Through Misho’s methodology, he explores how histories are contained or absent from a landscape, from objects, or a situation.  How much you can actually find out and how much will remain a mystery, just by looking and listening to your surroundings? “With my research I explore history and how we relate to it, and subsequently find new ways of (re)acting. In this way, we can see how things that we don’t think are still present, actually very much are.”  

It is therefore, to say the least, an interesting time for Mishno to finish his research, now all over the world people have torn down statues as part of the protests against racism and the glorification of colonialism. “Statues are not just statues – a fact that is now really being brought to the forefront.” And although the current affairs didn’t change the contents of his research, it did make him feel a different way. Misho adds: “One of the things filmmakers like me, who are not from first world countries, are often confronted with, is this bias that their work is very local, and not relevant to the world at large. Meaning, in this context, always the Western world. In that aspect, what is happening now feels rather cathartic.” 

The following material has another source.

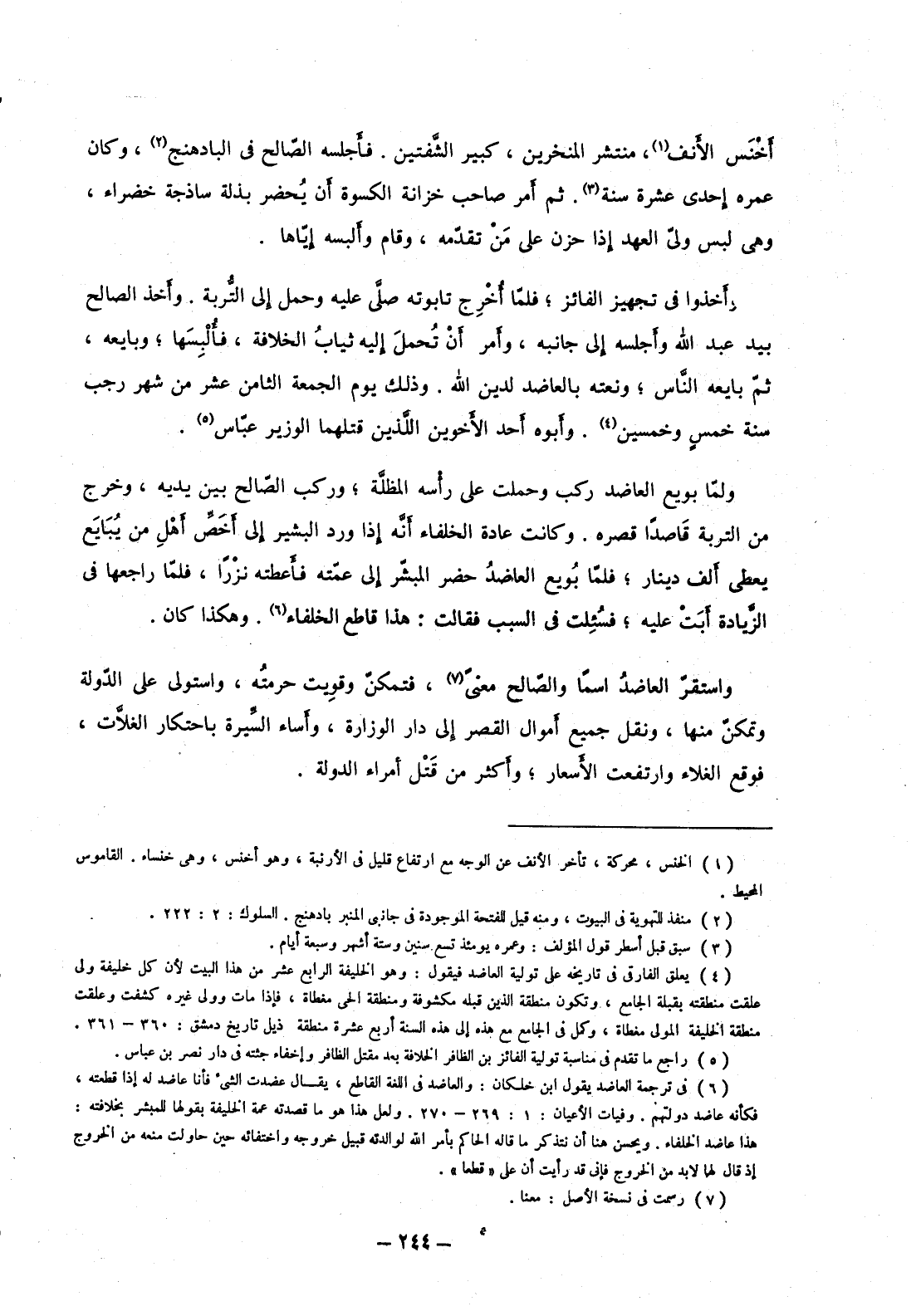 ولما بويع العاضد ركب وحملت على رأسه المظلة؛ وركب الصالح بين يديه، وخرج من التربة قاصداً قصره. وكانت عادة الخلفاء أنه إذا ورد البشير إلى أخص أهل من يبايع يعطى ألف دينار؛ فلما بويع العاضد حضر المبشر إلى عمته فأعطته نزراً، فلما راجعها في الزيادة أبت عليه؛ فسئلت في السبب فقالت: هذا قاطع الخلفاء. وهكذا كان.

The lockdown did put parts of his project to a halt. Misho was planning on going back to Georgia to re-record the atmospheric sounds in the places he shot, and restage some of the conversations he recorded on location. “I kept a fairly extensive record of overheard conversations, little bits and pieces of things that people mentioned in passing. These will play in the film. You wont get to see who says them, they are more like these ghostly presences coming in and out. Unfortunately I had to postpone this part of my research until I can travel again.”